Instead, the Knicks opted to draft injury-prone French center Frederic Weis. The selection sparked immediate outrage among the Knicks fan base. New Yorkers studied Artest closely during his high school days at La Salle Academy and celebrated his rise to prominence on the Big East scene with the late-90s Johnnies.
It made too much sense, yet the Knicks passed on Artest -- who fell conveniently to the Chicago Bulls one pick later at No. 16. His tenacious, tough-defending style would have fit right in with Jeff Van Gundy's hard-nosed group that was coming off an appearance in the 1999 NBA Finals.

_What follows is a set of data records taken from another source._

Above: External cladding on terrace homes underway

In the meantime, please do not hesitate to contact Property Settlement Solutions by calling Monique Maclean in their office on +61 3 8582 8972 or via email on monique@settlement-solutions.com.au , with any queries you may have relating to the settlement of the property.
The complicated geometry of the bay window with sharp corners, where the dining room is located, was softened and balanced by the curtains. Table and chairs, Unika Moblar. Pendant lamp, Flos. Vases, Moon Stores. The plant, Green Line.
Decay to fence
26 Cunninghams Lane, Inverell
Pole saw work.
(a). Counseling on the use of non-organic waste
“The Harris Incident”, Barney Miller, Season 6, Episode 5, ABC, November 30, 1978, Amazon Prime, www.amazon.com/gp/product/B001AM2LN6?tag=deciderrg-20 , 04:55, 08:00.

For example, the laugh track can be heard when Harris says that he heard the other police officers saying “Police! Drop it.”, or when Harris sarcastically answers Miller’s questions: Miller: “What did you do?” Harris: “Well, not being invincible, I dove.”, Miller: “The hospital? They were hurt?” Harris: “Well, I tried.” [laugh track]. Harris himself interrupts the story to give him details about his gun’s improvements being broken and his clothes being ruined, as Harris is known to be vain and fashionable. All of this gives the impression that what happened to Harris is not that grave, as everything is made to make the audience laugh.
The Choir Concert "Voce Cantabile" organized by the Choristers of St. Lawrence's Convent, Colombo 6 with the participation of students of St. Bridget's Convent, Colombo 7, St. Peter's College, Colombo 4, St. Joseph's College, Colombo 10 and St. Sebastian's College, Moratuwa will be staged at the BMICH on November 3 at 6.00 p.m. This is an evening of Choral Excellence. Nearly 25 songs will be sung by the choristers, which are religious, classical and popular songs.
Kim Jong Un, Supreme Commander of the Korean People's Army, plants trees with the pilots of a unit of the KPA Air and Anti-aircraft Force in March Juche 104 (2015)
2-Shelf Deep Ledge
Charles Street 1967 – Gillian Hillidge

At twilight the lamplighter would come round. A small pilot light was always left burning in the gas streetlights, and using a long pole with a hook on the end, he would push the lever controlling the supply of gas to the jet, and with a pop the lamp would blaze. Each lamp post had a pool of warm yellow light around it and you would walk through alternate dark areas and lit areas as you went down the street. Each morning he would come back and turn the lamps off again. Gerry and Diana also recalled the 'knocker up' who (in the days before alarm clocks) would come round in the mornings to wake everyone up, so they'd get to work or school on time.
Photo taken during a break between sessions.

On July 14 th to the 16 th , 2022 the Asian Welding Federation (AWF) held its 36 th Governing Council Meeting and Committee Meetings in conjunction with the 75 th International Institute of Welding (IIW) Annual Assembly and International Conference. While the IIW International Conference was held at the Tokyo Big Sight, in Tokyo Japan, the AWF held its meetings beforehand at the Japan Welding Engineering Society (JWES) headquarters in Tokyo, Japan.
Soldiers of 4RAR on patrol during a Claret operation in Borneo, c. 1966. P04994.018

Weis never made it across the pond and recurring back injuries forced him to retire from basketball in 2011. A mere mention of his name still sends shivers up the backs of Knicks diehards.
It wasn't detested former general manager Scott Layden who chose Weis over Artest. The culprit was Ed Tapscott, who served as interim Knicks GM following the team's rash decision to fire highly-successful executive Ernie Grunfeld after the Knicks slumped to 21-21 during the lockout-shortened 1998-99 season.
The lasting image of the blundered selection of Weis was what the French media dubbed as "Le Dunk de la Mort," otherwise known in English as "The Dunk of Death." Vince Carter's thunderous posterizing of Weis at the 2000 Sydney Olympics added further insult to the Knicks' abhorrent and inexplicable draft choice.
REFORMED ARTEST READY TO FILL MUCH-NEEDED ROLE AS KNICKS' INTENSE DEFENDER
At 33, a reformed Artest is now famously known as Metta World Peace. He's far-removed from the wild child who admittedly drank Hennessy cognac at halftime as a rookie and applied to Circuit City to receive employee discounts and later was reviled by basketball fans nationwide for his role in giving the NBA a black eye during "The Malice at the Palace" in 2004.
World Peace has joined the Knicks on a two-year deal worth $3.2 million, according to Yahoo Sports. The second year of the contract is a player option.
He's still enigmatic, he's still eccentric. But he's no longer a hard-drinker playing the bad-guy role.
"I'm very excited. I don't really drink that much, so I don't know how I'll celebrate it. Maybe with some water," he joked while being interviewed during the Knicks' Summer League broadcast.
What hasn't changed is the warrior's mentality that he brings to the hardwood. World Peace's renowned tenacity is exactly what the Knicks needed to add to their defensively-inept roster.
The Knicks ranked tied for 25th overall in total rebounds per game, tied for 11th in steals per game and finished dead-last in blocks per game in 2012-13.
"The team is amazing, the players. I'm excited to play and hustle," World Peace said at the NBA's Summer League in Las Vegas.
At 33, he still has a lot of life left in his legs and is coming off a rejuvenated final season with the Los Angeles Lakers.
World Peace averaged 12.4 points, 5.0 rebounds, 1.6 steals and 0.6 blocks per game in 75 games for the Lakers last season.
It's been a long wait for World Peace to finally get his chance to suit up for the Knicks. The Queensbridge native's homecoming will certainly add a lot of excitement and buzz to Madison Square Garden.
I'm willing to bet that World Peace will become an immediate Garden favorite and knowledgeable Knicks fans will appreciate his old-school hustle and desire.